# Step-On Binding Review (Felix to be precise)



## TheSalamander (Mar 11, 2019)

Thanks for this. I am primarily a skier but in the last 3 years have also switched to also snowboard. I have the Burton Step On/Swath set up. 155lbs / 5'9" / size 9 boots. Love the set up, and for my small mountain (Beech Mountain, NC) it is very convenient as the runs are at most 90-120 seconds to get down, and being 49 yrs old I no longer want to be bending down as much. I may upgrade to the Step On Photons next season for the stiffer flex.

My wife is also a skier and tried snowboarding for the very first time last weekend. It went better than I expected and so she has now bought Step On bindings, Step On Felix boots (size 7) and a Lib Tech Glider snowboard.

If I was starting out again then I would also consider the Nidecker Supermatic for the ability to use a broader range of boots. However both my wife and I seem to have Burton feet as the Step Ons fit us fine.

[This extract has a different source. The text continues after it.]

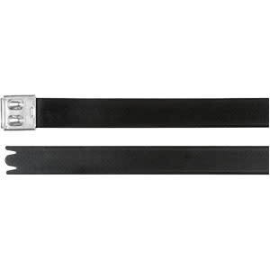 HellermannTyton's MBT Ties are fabricated from corrosion-resistant 316 stainless steel and have a protective polyester coating. Part number 111-00300 provides this functionality. Stainless tie design includes a non-releasable locking feature for secure applications. Polyester coating provides smooth edges to make it safer for installers™ hands and eliminates contact corrosion between dissimilar materials.
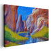 'Whispering Canopy Symphony' aligns harmoniously with the impressionist art movement and shares affinities with renowned artists such as Claude Monet and Vincent van Gogh. The primary subjects of this artwork—majestic rock formations and a tranquil waterway meandering through the canyon—are accentuated by the artist's masterful play of light and shadow, imbuing the scene with dynamism and allure.

Step Ons may not be for everyone, whether down to personal preference, riding style, boot fit etc. But for me they are comfortable, convenient and help ensure I enjoy snowboarding.


----------



## t21 (Dec 29, 2010)

I recently tried out a no highback step on binding from what i saw from the "midwest shredder" video before. I can say that it was really fun and much easier to lock in compared to having a highback. I also notice that there was no delay on either the toeside /heelside turns especially on your toeside due to being locked in already. The highback itself can be remove easily although the issue i have on my back binding is the snow would compact in between the heelcup and the clip on frame which it would prevent me from locking in fully(second click). I realize that when i turn lifting my heel on my backfoot, the torque i put on my heel would create space enough for the snow to get in and get compacted. I do not notice any difference while riding cuz it acts like i have a lean on my highback. I tighten the screws to keep it rigid. I will also apply some blue loctite on the screws and see if it will stay put and not loosen up while riding. No issues on the front binding at all.


----------



## hayde89 (Sep 3, 2011)

They have never let me down buttering, steeps, park or anything else. The only downside I’ve experienced was that I hate the boots. Just not the best boots I’ve owned


----------